WHAT YOU NEED TO DO:
Produce an exact transcription of the data, with the images left out.

DATA PROVIDED:
══════

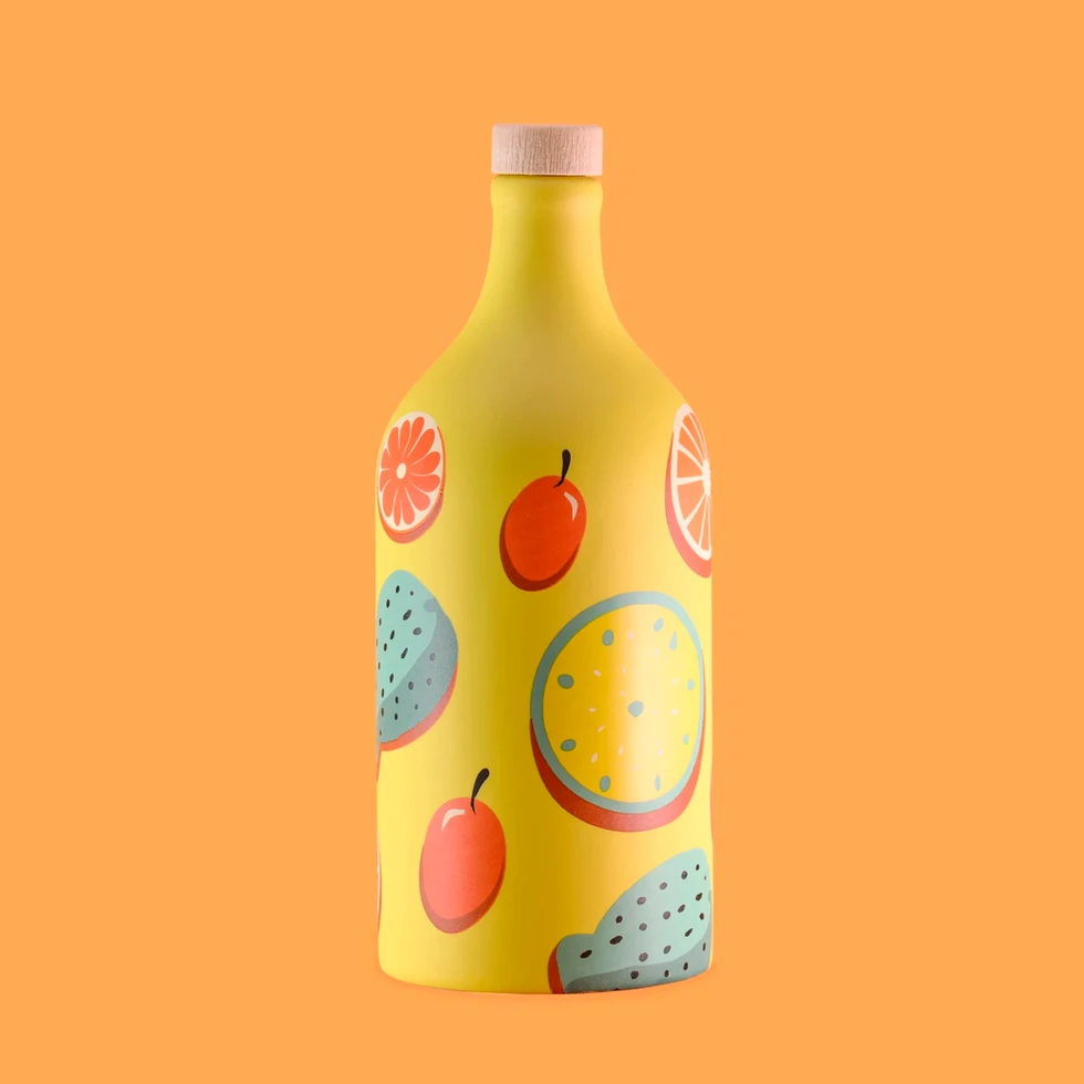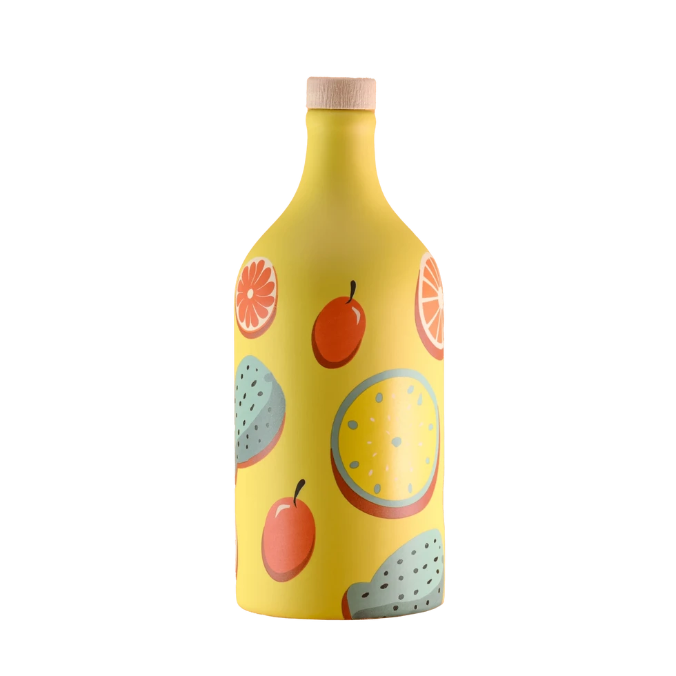 Keramikkflasken i Mediterranean Line er Muraglia sin mest lekne serie – her med friske, middelhavsinspirerte illustrasjoner og deres Intense Fruity ekstra jomfruolje. Oljen er laget på 100% Coratina-oliven og har en intens grønn–gul farge og en tydelig, krydret profil med toner av dill, fennikel, artiskokk, pepper og høy. Strukturen er kraftig, vegetal og lang i smaken – en olje som løfter både enkle og mer gjennomarbeidede retter.
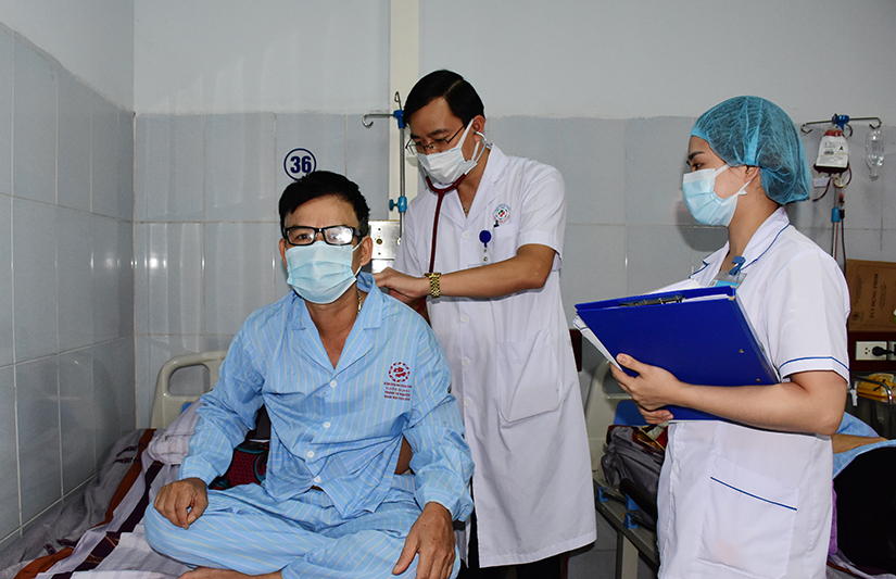 Bác sỹ chuyên khoa II Ngô Quang Chiến, Trưởng khoa Nội Tiêu hóa, Bệnh viện Đa khoa tỉnh thăm khám bệnh nhân đang điều trị tại khoa. Ảnh: Minh Hoa
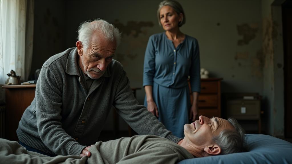 Преступники во все глаза смотрели на дедушку, который сидел на кровати, был чисто выбрит и говорил бодрым голосом, а тот усмехнулся и произнёс:

══════

ANSWER TO THIS EXERCISE:
 Keramikkflasken i Mediterranean Line er Muraglia sin mest lekne serie – her med friske, middelhavsinspirerte illustrasjoner og deres Intense Fruity ekstra jomfruolje. Oljen er laget på 100% Coratina-oliven og har en intens grønn–gul farge og en tydelig, krydret profil med toner av dill, fennikel, artiskokk, pepper og høy. Strukturen er kraftig, vegetal og lang i smaken – en olje som løfter både enkle og mer gjennomarbeidede retter.
 Bác sỹ chuyên khoa II Ngô Quang Chiến, Trưởng khoa Nội Tiêu hóa, Bệnh viện Đa khoa tỉnh thăm khám bệnh nhân đang điều trị tại khoa. Ảnh: Minh Hoa
 Преступники во все глаза смотрели на дедушку, который сидел на кровати, был чисто выбрит и говорил бодрым голосом, а тот усмехнулся и произнёс:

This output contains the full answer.